MAKING A NEW PHEASANT   THE DARK LADY AMHERST

          The project to create a new pheasant was started thirty years ago.  In spite of my knowledge of the aviculture world's prejudice against hybrids, hybridizing was the only route I had to reach my goal.  I was going to transfer the Dark Throated Golden gene to the Lady Amherst and carry it on through enough generations that I would end up with a nearly pure Dark Lady Amherst.  My goal was to work long enough with these hybrids  to breed out all Golden genes.  This would take decades, perhaps the rest of my life.  I had always found the Lady Amherst more graceful and basically more attractive than the Golden.  I like the body shape and longer arched tail of the Lady Amherst.  The only thing wrong with the Lady Amherst was the lack of any color mutations.  The Golden had several.  This was the perfect place for my interference - a chance to make a new color Amherst.

I also have had a lifelong love affair with feathers.  They're mystical - pure magic.  They're colorful, light weight, durable, and replaceable.  I am an artist and have often used feathers in my work.  I started raising birds before becoming an artist, raising them for their beauty and I always saved the prettiest feathers.  Using feathers in my artwork meant that I could enjoy their beauty all the time and also be able to share them with others.  Thus the idea of creating totally new feathers to work with was very exciting.  To have never-before-seen feathers and to create a new pheasant was too great a temptation to resist.  I had to try.

Even as I began the first crossings of Dark Throated Golden and Lady Amherst pheasants,  I knew that the making of hybrids was, and is, taboo.  I have never quite understood this since plant hybrids have always been highly regarded.  Perhaps it has something to do with plants being stationary and animals mobile.  Whichever kingdom one deals with, to me the key is keeping good records and tagging all offspring.
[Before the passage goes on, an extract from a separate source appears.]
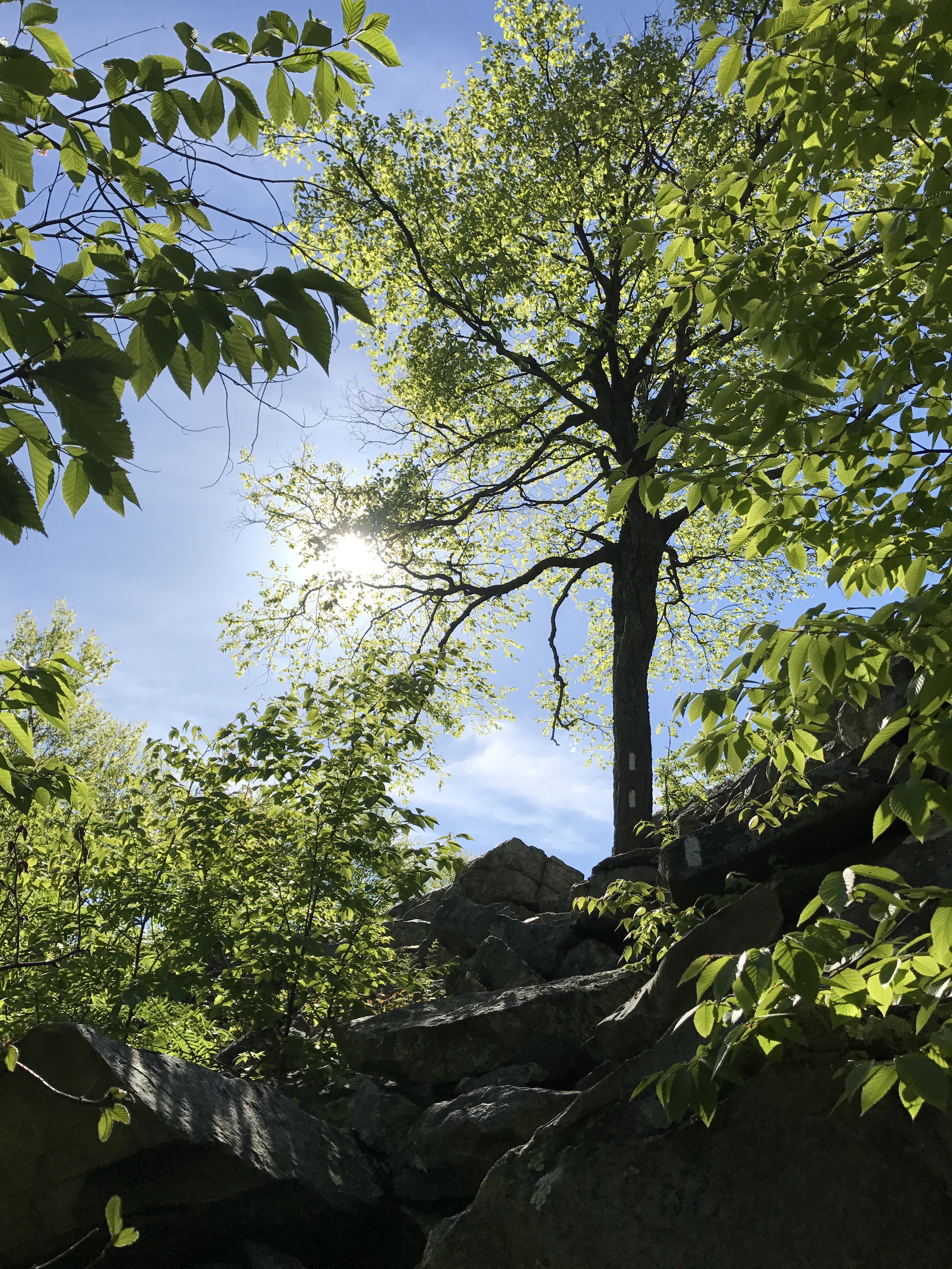 Not long after the rocks started, the trail led me up to what’s called knifes edge, which involved crossing a ridge made up of rocks sitting at crazy angles. There were very few flat surfaces to be found. I definitely had to scramble and use my hands. I made it through unscathed and was on my way down the last spine when I heard a guy yelling behind me. Something about “hell of a way to start” He sounded belligerent. Turns out his trail name is Mad Tom and he yells a lot. He and his partner are finishing their AT section hike with PA.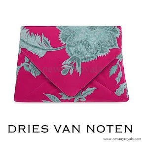 Queen Mathilde wore DRIES VAN NOTEN Silk Coat from Spring/Summer 2016 CollectionQueen Mathilde carried DRIES VAN NOTEN Floral Jacquard Silk Clutch

The real problem comes down to the honesty of the breeder.  There is no problem making a hybrid.  The problem is making a hybrid and selling it as pure.  The breeder of any plant or animal needs to keep written records of all crosses and offspring clearly marked.  My birds have always been tagged and written records kept for each for more than thirty years.

I knew that the Ruffed Pheasants were very closely related.  Goldens (Chrysolophus pictus) and Lady Amhersts (Chrysolophus amherstiae) when bred create totally fertile offspring.  This fact made my project if not easy at least possible.  The first crosses produced as expected normal colored offspring all carrying the gene for the Dark Throated color and all being 50% Lady Amherst.  I always did at least two crosses with unrelated birds to keep the gene pool as diversified as possible for the next years crosses.  This allowed me to make the necessary crosses without breeding siblings, which would weaken my gene pool.  The next year these first offspring were bred to produce dark colored 50% Lady Amherst.  These dark hybrids were then bred the following year to full blooded Lady Amherst birds of different lineage.  These crosses produced all normal colored hybrids as expected.  They had 25% more Lady Amherst genes than the original crosses. 

Never did I sell or give away a hybrid.  Those hybrids that had served their purpose, were released on my farm to live out their lives in freedom.  Most became prey for foxes, owl, coyotes, raccoons or dogs.  I have never been successful at getting a wild population of Lady Amherst  pheasants established on my property.  The predators always win.

After almost a decade of breeding I became discouraged.  I had made progress but my birds sure didn't look like Amhersts.  But I was inspired about this time by a chance encounter with an unusual pheasant.  I was in Thailand for the World Pheasant Association Symposium in 1986.  We were visiting several private breeders' collections of pheasants.  While we were touring the collection of Suvit Chanvarasuth, he showed us his prize pheasants.  He called them Siberian Lady Amherst.  He said he paid more than ten thousand U.S. dollars for the pair, which he said he bought from a Chinese breeder.  I was astounded by a new color Lady Amherst.  However, the more I studied the colors on these new and beautiful birds, the more I felt that they were nothing more than Yellow Lady Amherst.

This Siberian Lady Amherst did not look like a hybrid.  It was a Lady Amherst but with no reds or oranges.  It had a very pale yellow crest.  It still had black and white hackle feathers with all the dark iridescent greens and blues on the wings and body.  This was just the inspiration I needed to continue on my journey to a Dark Lady Amherst.

I had also started the process of making a Yellow Lady Amherst, before my chance encounter in Thailand.  Thus seeing what I felt was the end product really inspired me to keep working on my own projects. 

Thus with renewed vigor, I continued the same process.  I repeated this process over and over for three decades.  The result is a dark bird which breeds true with all the characteristics, other than color, of a Lady Amherst.  Now after over thirty years, I have my beautiful new pheasants, the Dark Lady Amherst, the Yellow Amherst and the Salmon Amherst.

These birds still need help.  There has been some inbreeding even with the extra crosses I've tried to make over the years.  They should be crossed with new lines of wild caught Lady Amherst to keep them healthy.  They could easily get too inbred.